A 'Friendly' Rivalry

A few months ago, our network team found itself struggling to support yet another in a seemingly endless stream of IT security projects. This one was to implement token-based authentication, which was supposed to shore up ACME's access control. Our IT security manager, Bucky Rogers, was once again straining his relationship with our network manager, Dirk Packett. Yes, they both work for me, but that doesn't mean I can force them to get along (although I have considered bringing in Rock 'Em Sock 'Em Robots to let them work out their problems). Of course, conflicts between network people and security people aren't unusual, but Bucky doesn't help when he uses his "sky is falling" approach to ramrod project approvals from our internal auditing department, with whom he works closely.

None of the network folks were thrilled with the idea of token-based authentication.

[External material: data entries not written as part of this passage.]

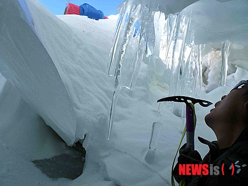 【로체 BC(네팔)=뉴시스】임영주 기자 = 제2차 로체 정상 등반에 나선 로체원정대 홍성택 대장이 5일 오후 벌어진 크레바스속에서 건너갈 궁리를 하고 있다.
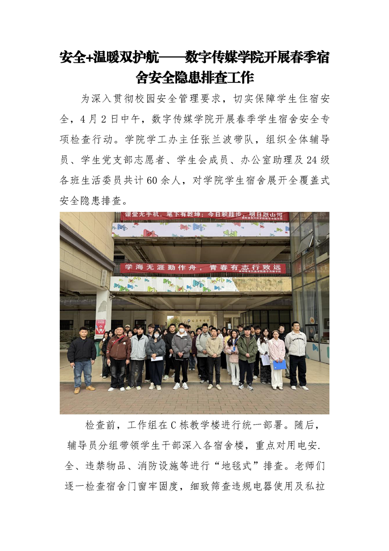 安全+温暖双护航——数字传媒学院开展春季宿舍安全隐患排查工作
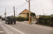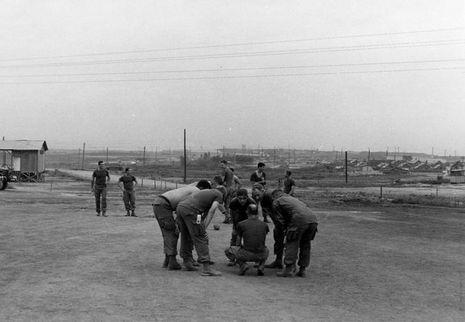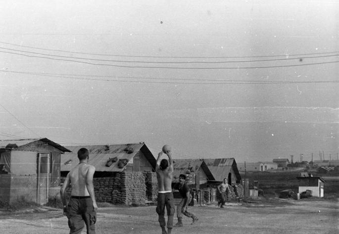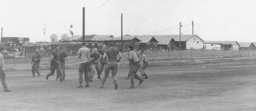 Touch football, 1/77 Armored Battalion, 1/5 Infantry Brigade (Mechanized) Quang Tri Combat Base. Quang Tri PX is building on right with white gabled front. The post barber shop was located two buildings to left of PX (note striped poles in front). Pallets of merchandise located on left behind football players.
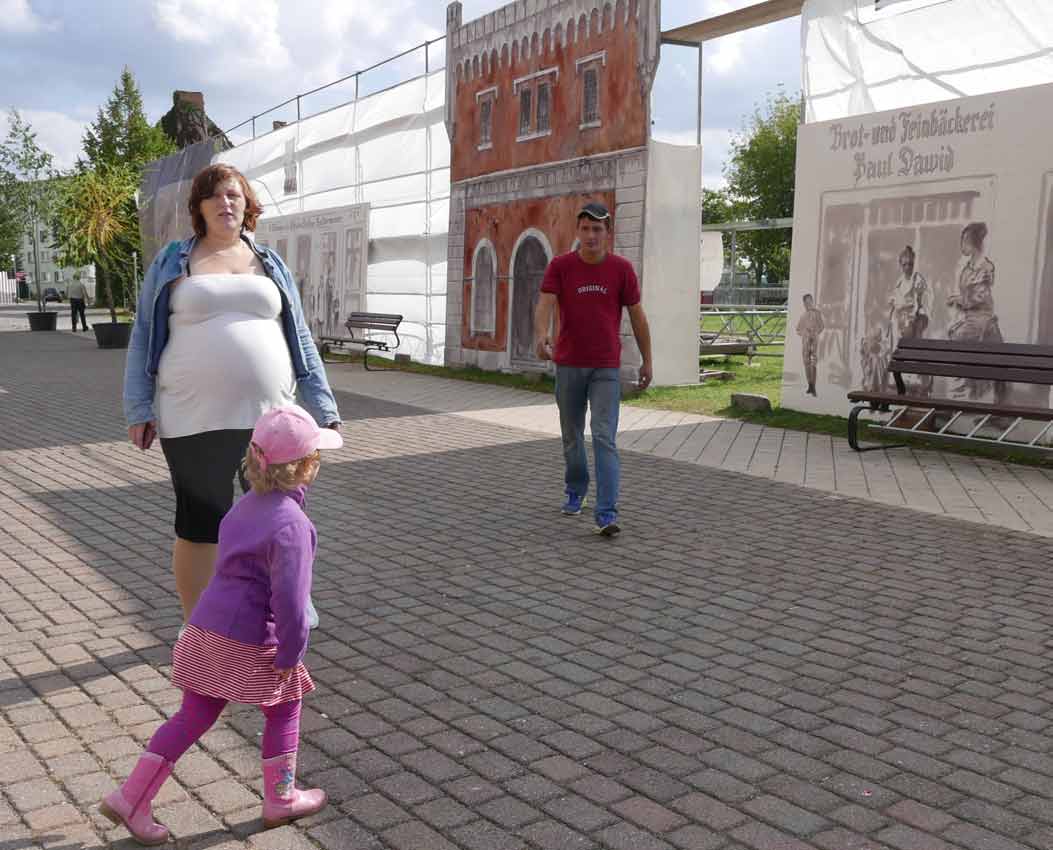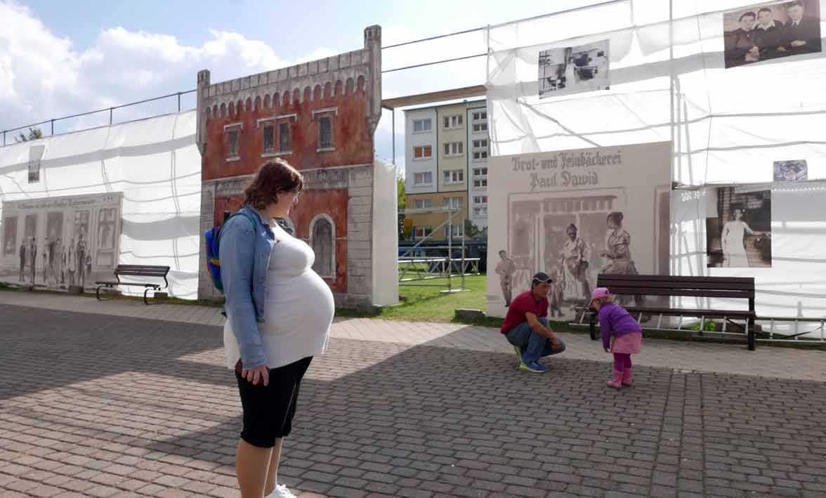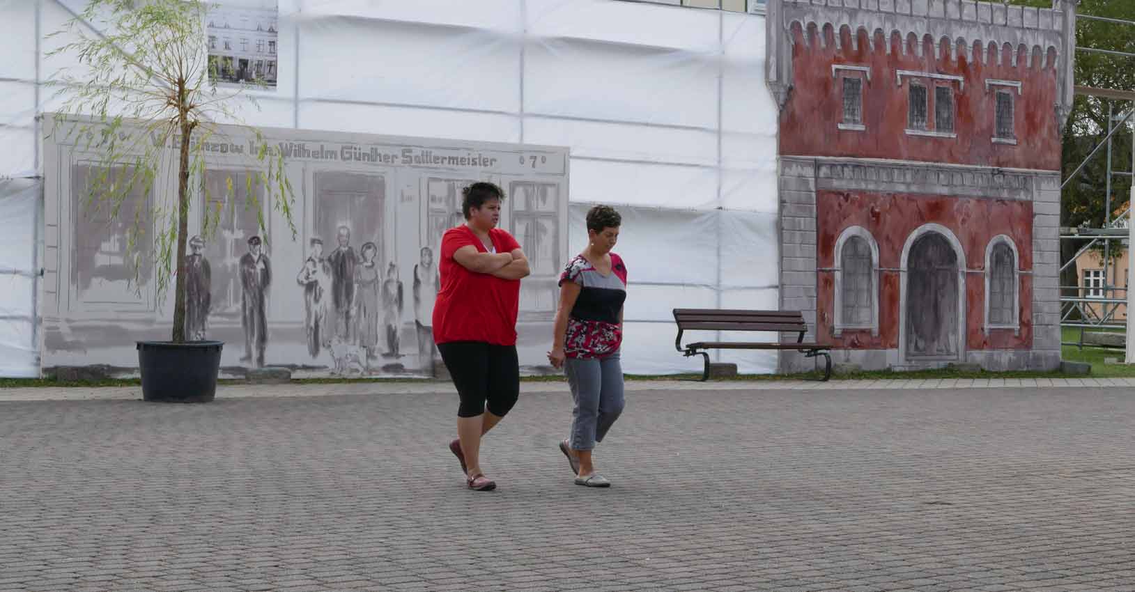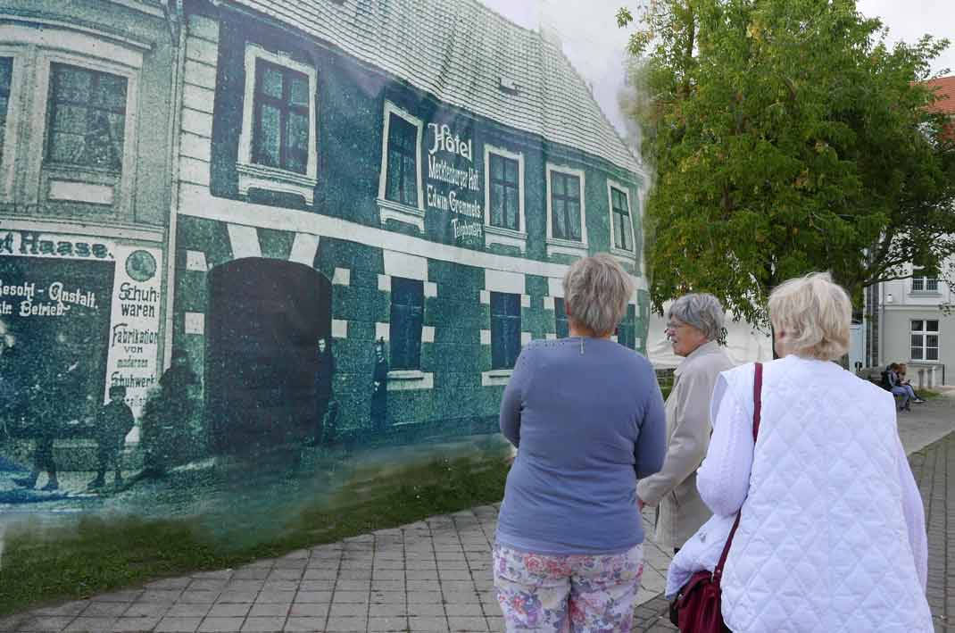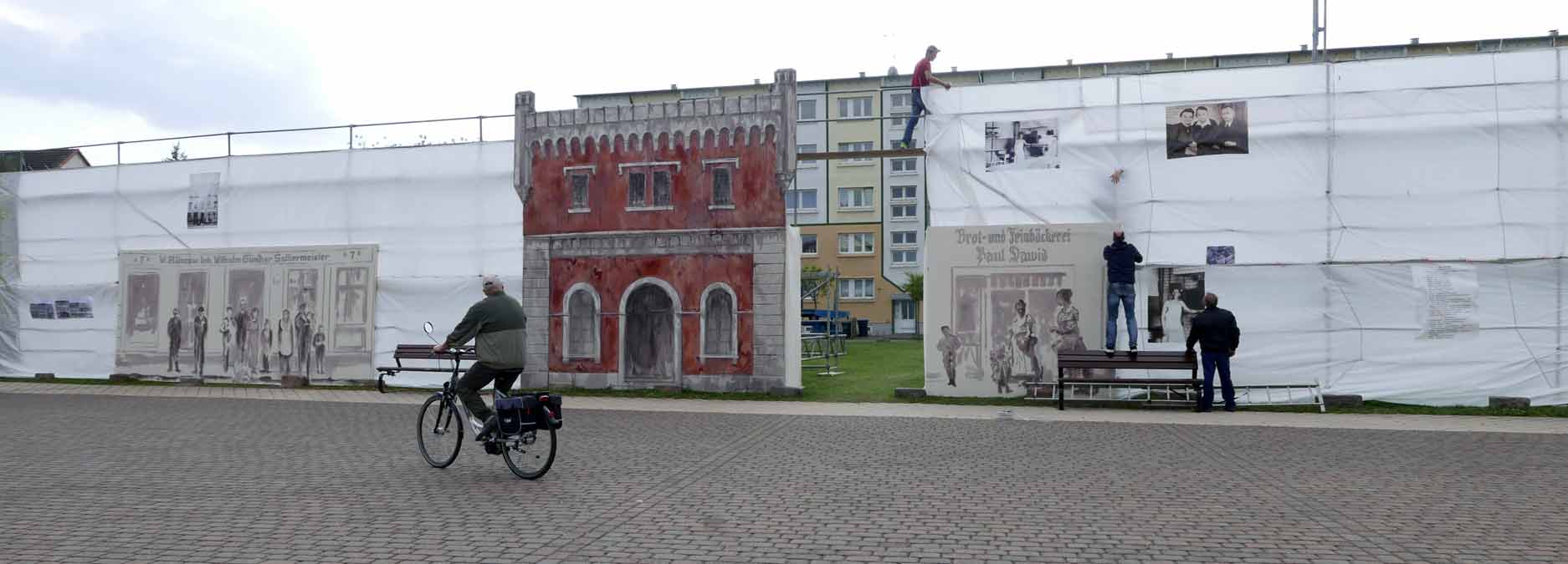 Zu sehen auf das Haus der Mutter Günther, die Zeit ihres Lebens schwieg, über das was ihr geschah 45. Vom Schicksal der Frau Feindt links um die Ecke des Kinos, wissen wir schon.
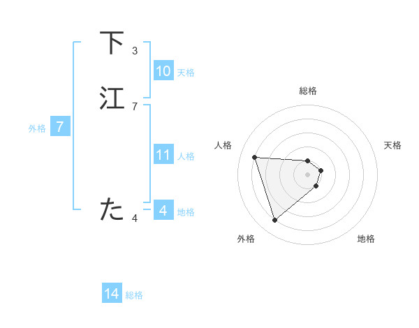 下江 たさんの総格は14画の1点!
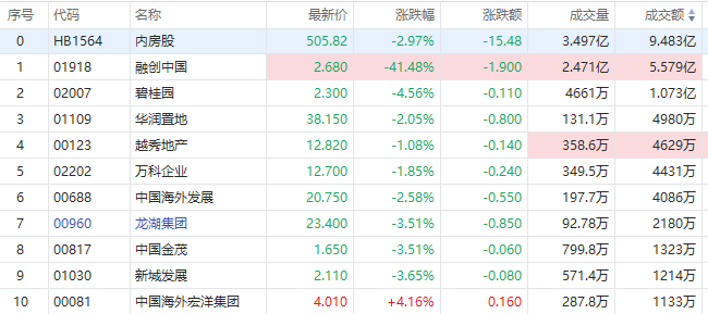 华盛资讯4月13日消息,港股内房股早盘集体回调,截至发稿,融创中国复牌大跌超41%,碧桂园跌超4%,龙湖集团、中国金茂、新城发展跌超3%,华润置地跌超2%。
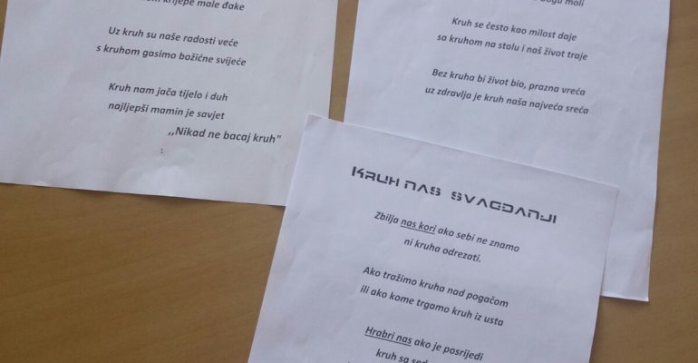 „Blago danu koji počne mirisima kruha“, lijepo je napisala Natali Šarić. Danas je u našoj školi bio lijep dan jer se posvuda širio miris kruha i kolača. Dani kruha uvijek donesu radost u školske prostorije jer sve zamiriše tradicijom i potakne zajedništvo. Nabrojati sve što naši učenici donesu, a njihove vrijedne mame i bake ispeku, skoro je nemoguće. Izložba tradicijskih i drugih od brašna napravljenih proizvoda natjecateljskoga je karaktera pa se učenici i dodatno potrude kako bi njihov stol bio najljepši. Duvanjski kraj oduvijek bijaše žitnica pa kruh rođen u Duvanjskom polju neodoljiva je okusa. Izložbu kruha i drugih različitih peciva, kao i plodova zemlje, možete pogledati na fotografijama iz svih naših područnih i središnje škole. Fotografije će sve zapisano zorno posvjedočiti.
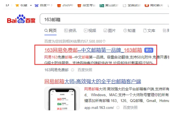 1、在电脑的百度上输入163邮箱,找到其官方网站以后点击进入。
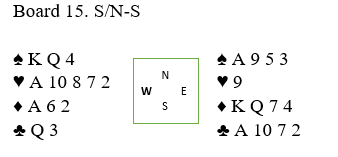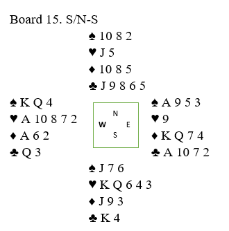 Vi skulle altså spille mot 3 spar, og jeg spilte ut kløver ess. Da blindemann (øst) kom ned begynte vi å le, for vi hadde spilt spillet før - i forrige runde! Da satt vi imidlertid Ø/V og var heldige, N/S gikk bet mot oss i stedet for at vi som Ø/V eventuelt ville gått bet som mange gjorde, noen i spar- og noen i ruterkontrakt. Mange av dem var doblet, og N/S fikk hele +800 ved fem bord. Hvis vi hadde spilt spillet sånn som det gikk andre gangen vi førsøkte oss på det ville vi fått litt over middels for et par udoblede bet i 3 spar.
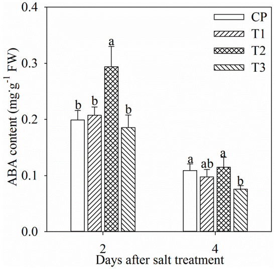 Changes in root abscisic acid (ABA) content in Jerusalem artichoke after salt stress for two days (a) and four days (b). Data in the figure indicate mean of five replicates (±SD), and different letters on error bars indicate significant difference at p < 0.05. CP indicates control plants without pretreatment and NaCl stress; T1 indicates tungstate-pretreated plants without NaCl stress; T2 indicates non-pretreated plants under 150 mM NaCl stress; T3 indicates tungstate-pretreated plants under 150 mM NaCl stress. The symbols, CP, T1, T2, and T3 are also used in the following figures.

The technology required deployment of a hardware-based system that would force the end user to log on with a special keyfob device that provides a code to augment the usual user name and password. It seemed like overkill to some--we had a secure authentication system with hardened passwords, aging and the whole nine yards--but the project was about halfway down Bucky's list of priorities, and we had reached that point in our IT security improvement plan. So, the project went forward.

Going Live

Bucky's team researched options and worked with Dirk's crew on the project planning. They ordered the equipment and installed the authentication server software on several servers for redundancy. We tested the technology over a period of several weeks, and then one evening we cut over to the new system with no ill effects--that night.